AI Deepfakes and ‘Boss Fraud’ Target Lithuanian Businesses
In a sophisticated shift from random phishing to surgical strikes, Lithuanian businesses are facing a new generation of cybercrime. Last year alone, the country recorded nearly 15,500 fraud cases targeting both companies and individuals, with attempted thefts reaching a staggering €58.8 million, according to data from the Lithuanian Centre of Excellence in Anti-Money Laundering. While the scale is alarming, it is the evolution of the tactics—specifically the integration of Artificial Intelligence (AI)—that has security experts on high alert.
Modern scammers are moving away from generic, poorly written emails. Instead, they are utilizing AI tools to mimic the voices and even the video appearances of high-level executives. Imagine a scenario where a company’s accountant receives a Microsoft Teams call from their CEO. The voice is familiar, the face is recognizable, and the request is urgent: a confidential payment must be made immediately to secure a major deal. In reality, the person on the screen is a deepfake, a digital marionette controlled by criminals.
The Anatomy of the Interception Trap
One of the most financially damaging schemes currently plaguing the Lithuanian market involves the silent interception of business correspondence. Scammers gain access to email threads between partners and wait for the precise moment a payment is discussed.
Žygeda Augonė, Head of Information Security at Swedbank, highlights a recent case involving a medical clinic. The clinic was in the process of ordering interior decor worth €30,000 from an international gallery. The transaction seemed routine until the gallery reported that the funds never arrived. Investigation revealed that scammers had intercepted the email chain and swapped the gallery’s bank details for their own. Because the tone and context of the emails remained consistent, the clinic had no reason to suspect they were communicating with an intruder.
This “man-in-the-middle” approach succeeds because it exploits existing trust. Scammers no longer look for random victims; they conduct deep research into a company’s operations, identifying key roles and established partnerships before launching a targeted attack.
The Psychology of Urgency and Authority
Beyond technical interception, the “CEO fraud” or “Boss fraud” relies heavily on psychological manipulation. These attacks typically create a sense of extreme urgency combined with a demand for confidentiality. By pressuring an employee to act quickly, scammers bypass the victim’s critical thinking and discourage them from consulting colleagues.
AI has amplified this threat. Previously, a suspicious employee might have looked for grammatical errors or an unusual email address. Today, AI tools allow criminals to generate high-quality, error-free messages and even replicate the specific communication style and emotional nuances of a specific executive. When a request comes through a real-time video or voice platform, the perceived authority of the caller often overrides standard security protocols.

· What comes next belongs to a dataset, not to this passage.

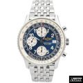 ナビタイマーの伝統的な意匠を色濃く受け継ぐ、クラシカルな魅力あふれるオールドナビタイマー。 航空計算尺付きベゼルと、情報量の多い端正なダイヤルレイアウトが、計器のような存在感を演出します。 ブルーダイヤルが爽やかさと上品さを添え、自動巻きクロノグラフとしての実用性も十分。 ブライトリングらしい王道の魅力を、落ち着いた雰囲気で楽しめる一本です。 |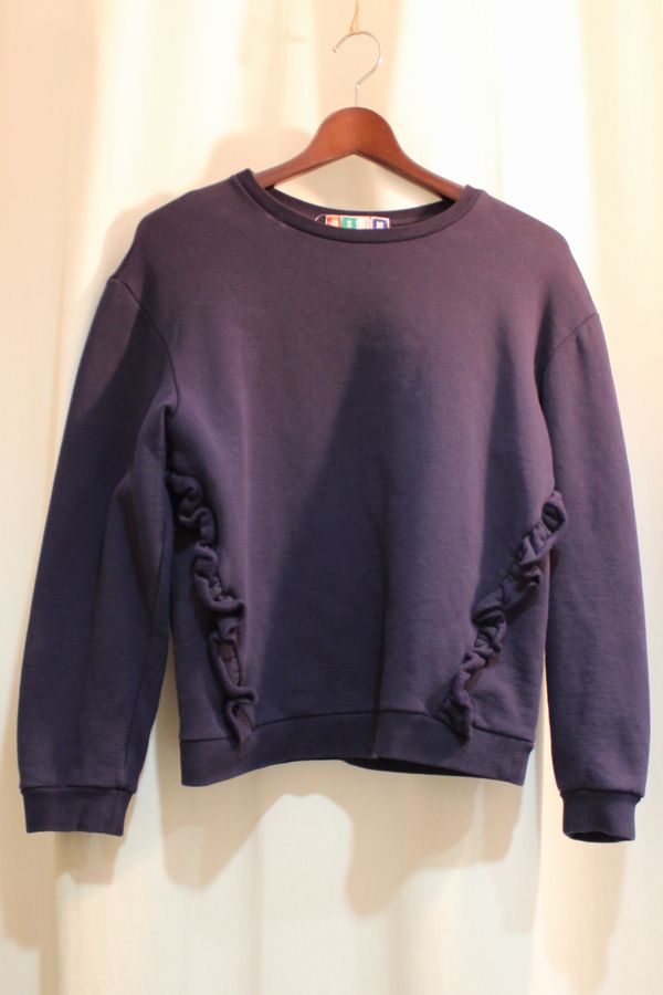 カジュアルな印象のスウェットもフリルがあることによりフェミニンになります。

Establishing a ‘Human Firewall’ Through Verification
While the technology behind these scams is advancing, the most effective defense remains rooted in human behavior and rigid internal processes. Security experts emphasize that technology alone cannot solve the problem; a culture of “friendly suspicion” is required.
To mitigate the risk of AI-driven fraud, businesses are encouraged to implement several non-negotiable verification steps:
- Out-of-Band Verification: If a request for a payment or a change in bank details is received via email or a video call, it must be confirmed through a secondary, previously known channel, such as a direct phone call to a verified number.

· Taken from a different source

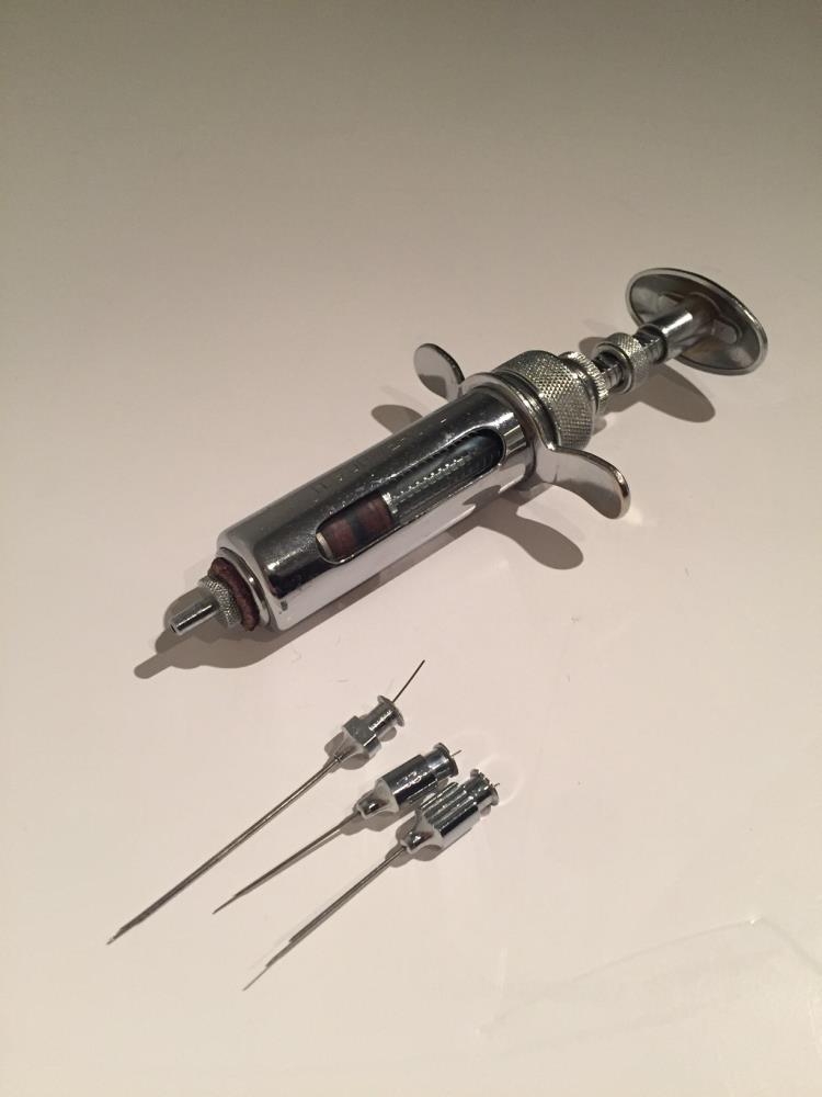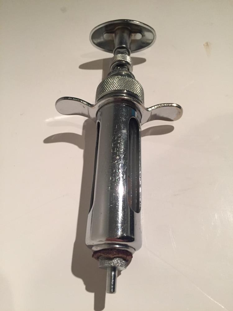 Margnota sprauta til dýralækninga í öskju sem er 16,5 x 8 x 2,5 cm að stærð. Á sprautunni stendur H. G. UNIVERSAL. Sprautuna er hægt að skrúfa í sundur og á henni er hægt að skipta um nálar. 3 nálar fylgja með í öskjunni.

- The ‘Safe Word’ Protocol: Some organizations are now adopting internal code phrases or passwords. If an executive makes an unusual or urgent financial request, they must provide a pre-agreed phrase that is only known to authorized personnel.
- Dual Authorization: No single employee should have the power to initiate and finalize large payments. Implementing a “four-eyes” principle, where at least two people must approve a transaction, significantly reduces the window of opportunity for scammers.
- Automated Payment Data: Where possible, companies should move away from manual entry of bank details, which is easily manipulated, toward automated systems that flag any changes to existing vendor records.
As AI continues to lower the barrier for high-tech impersonation, the burden of security falls on the consistency of internal discipline. In the digital age, a familiar voice is no longer proof of identity.